**REQUIREMENT:** Beginning with the line that holds "어떤 골든 리트리버는" and finishing with the line that holds "12月9日(土曜日)お疲れ様", repeat the listing exactly, leaving every picture out.

**AVAILABLE RECORDS:**
+ + + +

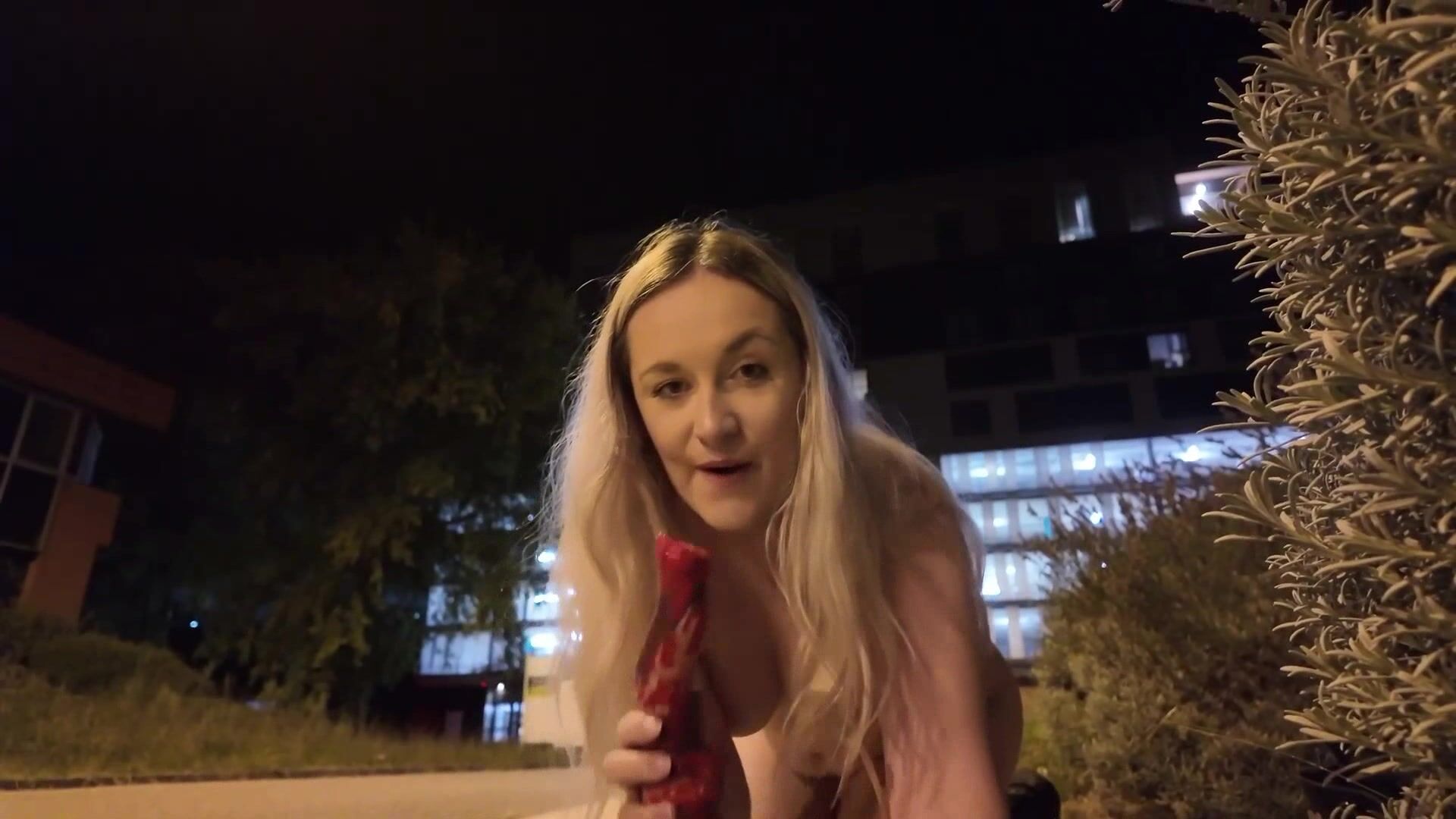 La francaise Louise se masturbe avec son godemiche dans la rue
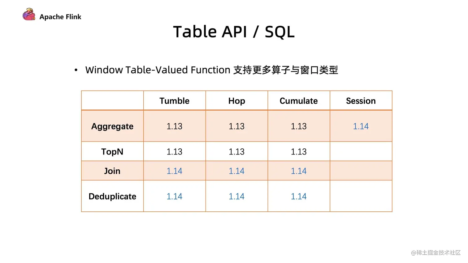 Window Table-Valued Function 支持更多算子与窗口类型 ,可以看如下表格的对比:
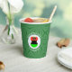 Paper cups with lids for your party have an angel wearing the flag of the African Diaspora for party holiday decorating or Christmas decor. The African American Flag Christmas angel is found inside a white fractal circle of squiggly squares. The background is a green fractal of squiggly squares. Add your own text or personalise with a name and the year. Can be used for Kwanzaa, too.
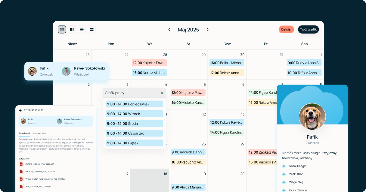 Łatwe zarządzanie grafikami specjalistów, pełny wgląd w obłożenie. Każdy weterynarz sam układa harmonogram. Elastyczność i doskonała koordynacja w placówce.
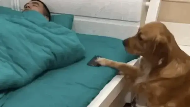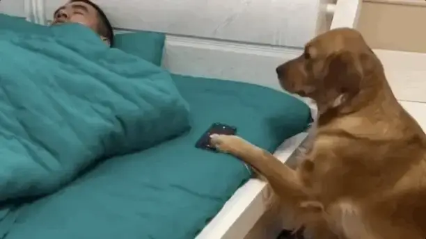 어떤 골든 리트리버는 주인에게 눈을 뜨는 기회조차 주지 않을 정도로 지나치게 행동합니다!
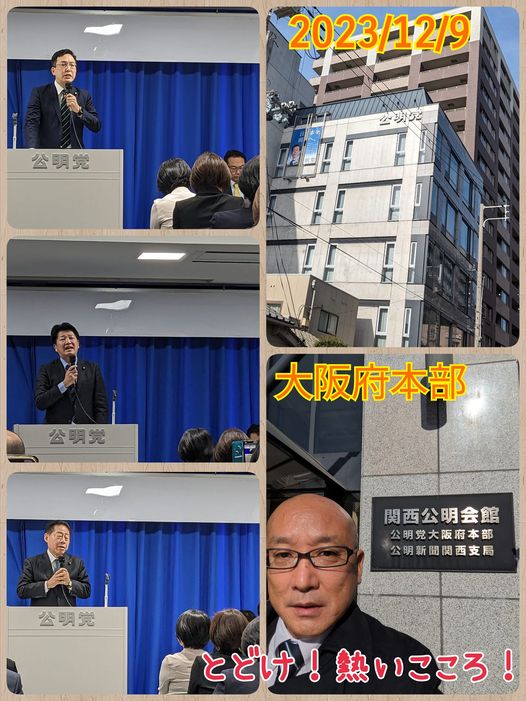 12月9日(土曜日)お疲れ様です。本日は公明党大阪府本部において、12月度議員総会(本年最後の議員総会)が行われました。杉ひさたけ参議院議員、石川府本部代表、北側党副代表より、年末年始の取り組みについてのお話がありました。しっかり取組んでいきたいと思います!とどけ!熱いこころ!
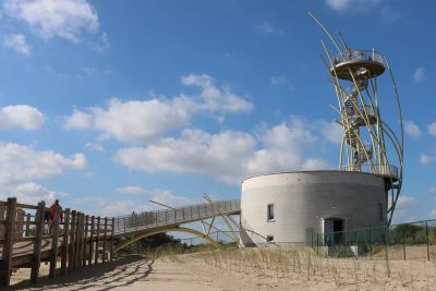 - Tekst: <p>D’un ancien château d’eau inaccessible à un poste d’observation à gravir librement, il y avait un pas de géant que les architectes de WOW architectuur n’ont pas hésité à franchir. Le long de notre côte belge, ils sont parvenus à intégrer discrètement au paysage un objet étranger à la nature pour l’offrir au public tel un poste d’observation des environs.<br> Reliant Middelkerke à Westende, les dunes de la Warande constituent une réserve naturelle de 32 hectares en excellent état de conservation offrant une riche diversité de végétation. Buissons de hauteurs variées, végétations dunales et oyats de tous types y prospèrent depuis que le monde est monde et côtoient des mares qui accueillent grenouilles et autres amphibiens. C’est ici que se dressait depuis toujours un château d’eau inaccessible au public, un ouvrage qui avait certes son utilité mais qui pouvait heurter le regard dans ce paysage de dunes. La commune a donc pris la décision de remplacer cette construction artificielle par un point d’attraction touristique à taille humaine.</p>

+ + + +

**SOLUTION:**
 어떤 골든 리트리버는 주인에게 눈을 뜨는 기회조차 주지 않을 정도로 지나치게 행동합니다!
 12月9日(土曜日)お疲れ様です。本日は公明党大阪府本部において、12月度議員総会(本年最後の議員総会)が行われました。杉ひさたけ参議院議員、石川府本部代表、北側党副代表より、年末年始の取り組みについてのお話がありました。しっかり取組んでいきたいと思います!とどけ!熱いこころ!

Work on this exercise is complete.